Whew! We made it through the holiday season and another year! Round of applause for everyone! The holidays are stressful, work can be stressful, families can be stressful – remember to breathe through your stress and take some time for yourself even when, or especially when, it feels like you don’t have a minute to spare. Here are some of our tips on easy, at home, self-care from 2018 to get you in the right headspace for the upcoming year.

(Hint: Click on each headline to look at the full article!)

Make the Bathroom a Spa

Growing up in my house the bathtub was a sacred space. Every other spot in the house was fair game to knock on a door but the words “I’m in the tub” was pretty much an out of office email reply.

A couple tips to make it even more spa-like:

  • Ask your partner to put your towel and robe in the dryer for about fifteen minutes, that way you stay warm and cozy when you get out of the tub
  • Try a quick-and-easy at home face scrub. Just blend together olive oil, lemon juice, sugar and lightly apply it to your face and neck using your fingertips in a circular motion. Rinse off after about 20 minutes.
  • Place a few drops of your favorite essential oil on your washcloth and put the washcloth on your chest as you relax in the tub. The aroma of the oils will keep you relaxed and the warm washcloth will help to loosen your chest.
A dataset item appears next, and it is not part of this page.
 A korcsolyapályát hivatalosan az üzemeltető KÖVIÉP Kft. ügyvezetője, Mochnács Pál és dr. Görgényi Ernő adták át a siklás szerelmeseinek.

A Few Exercise Moves to Relieve Anxiety

We all know exercise is important, if not crucial, to living your best life. But finding the TIME to make it all happen is the difficult part. We’ve done a little research and come up with a handful of exercises that are effective yet won’t take up a whole lot of time in your busy schedule (these are as much for me as for everyone else)! As always, consult a doctor if you have any prior injuries before trying a new exercise.

With any of these exercises, it’s important to maintain mindfulness. We love these simple reminders from Ace Fitness, which encourage you to concentrate on your breathing, to incorporate meditation techniques into your workout, as well as balance training. Peaceful music helps, too!

Lie on your back on the floor, knees bent and feet flat. Arms should be out to your sides at a 45-degree angle, palms facing up. Now try to make your tummy as skinny as possible and hold —this gives you a tight core—while breathing normally. Next, keeping your core tight, squeeze glutes and raise your hips so your body forms a straight line from your shoulders to knees. Hold for five seconds—squeezing your glutes tightly—then lower body back to the starting position. Do 10 repetitions (or as many as you can).

Breathe Through It

However, it can be tough for people to grasp onto the idea & often having a specific way of breathing can be helpful. Try simple 4-square breathing! You can repeat this process as many times as needed until your feel calmer, re-energized, or you are ready to keep on moving.

  • Inhale for 4 seconds
  • Hold your breath for 4 seconds
  • Exhale for 4 seconds
  • Relax for 4 seconds

Take a second to think about the day you just had- good, bad, hectic, lazy. No matter what your day looked like, you can always find small reasons to be grateful. Expressing gratitude helps put our day-to-day stressors into perspective.